Мог умереть и от голода. Еды в гетто нет: в горстке улиц (Колхозная, Коллекторная, Шорная, Обувная, Хлебная, Мебельный переулок...) люди набиты по несколько семей в одну комнату. Днём взрослых выгоняют под конвоем на работы за проволоку. Чтобы не умереть с голоду, ходят к проволоке менять вещи на продукты, рискуя жизнью за каждую краюху хлеба. Золотые часы идут в обмен на три луковицы, за бостоновый костюм дают ведро картошки. Картофельные очистки — мальчишеский пир. «Пока лебеда молодая, она вполне съедобна.
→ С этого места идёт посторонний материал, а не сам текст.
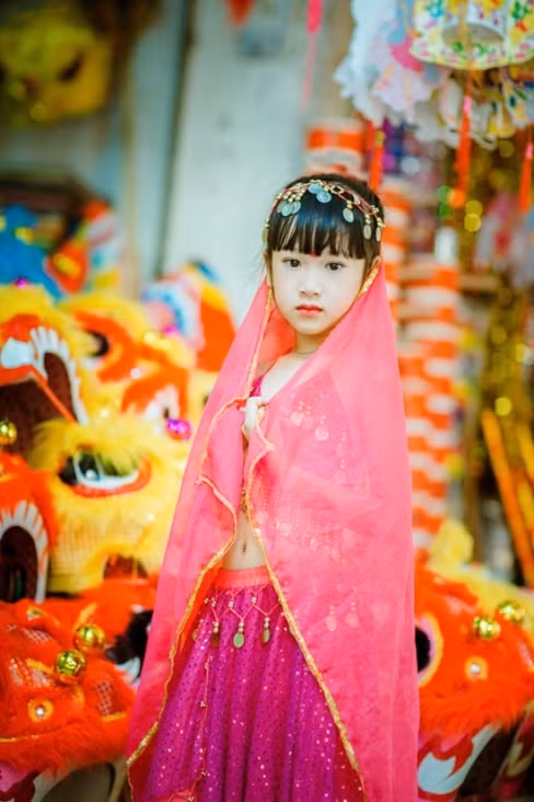 Chùm ảnh về mẫu nhí Hà thành Đoàn Gia Hân (sinh năm 2009) giữa phố Hàng Mã gây ấn tượng với vẻ đẹp ngây thơ, trong sáng. Trong bộ ảnh, Gia Hân hóa thành một cô bé với trang phục Ấn Độ, lấy cảm hứng từ bộ phim truyền hình dài tập Cô dâu 8 tuổi.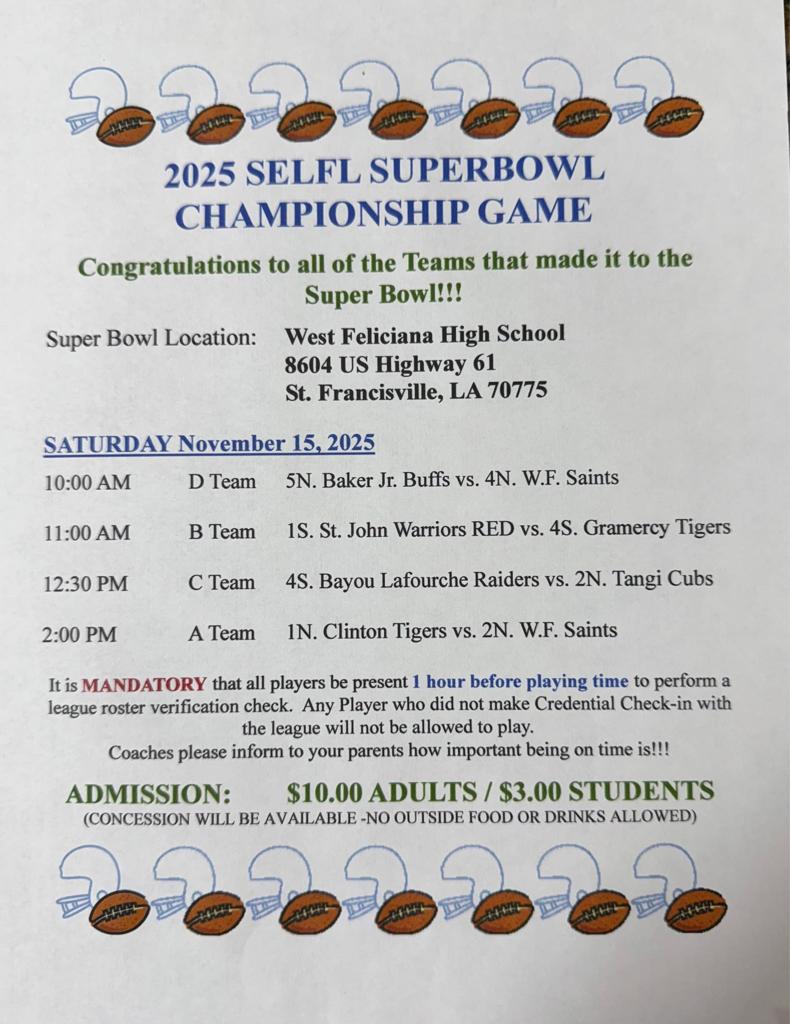 Thank you for visiting SELFL page. We take pride in youth developmental football. All of our coaches are required to be USA football Certified Coaches and Staff. Our Teams are among the finest teams in southern Louisiana.

С одним мальчиком, Майком, после того как мама погибла, мы начали вылезать за проволоку сами. Попрошайничали, копались в мусорных баках, подворовывали на рынке, собирали бычки — в 8 лет я начал курить. Однажды в объедках мы нашли одну мороженую картофелину. Целую! Её вкус и сейчас у меня на языке... А на память о маме у меня нет даже фотографии. Но я и так вижу её лицо».
В одну из вылазок хватанул проволоку, по которой шло электричество: «прилип» к ней, притянуло вторую руку, которой пытался оторвать от колючки первую, потерял сознание... Очнулся — над головой стоит полицай с «кусачками». «Среди них тоже бывали нормальные люди». Еврейское счастье. Много раз мог погибнуть в погромах. Улица Сухая — у самого еврейского кладбища. В дом набиты люди битком, спят на полу. В подполе — «малина», схрон, убежище. В одну из самых страшных акций, в марте 1942 г., дед Бори спрятал в подпол людей, придвинул сверху кровать, а сам залез в шкаф. Убийцы нашли дом пустым, но, когда скрип их сапог уже почти стих на пороге, старик — астма! — закашлялся в пыльном шкафу... «Через минуту мы услышали два щелчка во дворе... Дедушка нас спас». Самая большая, «общественная», «малина» была под самим кладбищем: сделали подкоп под сараем, сверху насыпали махорки — чтобы собаки не учуяли. Однажды прятались — и начал плакать чей-то младенец. Младенцу не объяснишь, что плакать в «малине» — значит убить всех остальных. Ребёнка придушили.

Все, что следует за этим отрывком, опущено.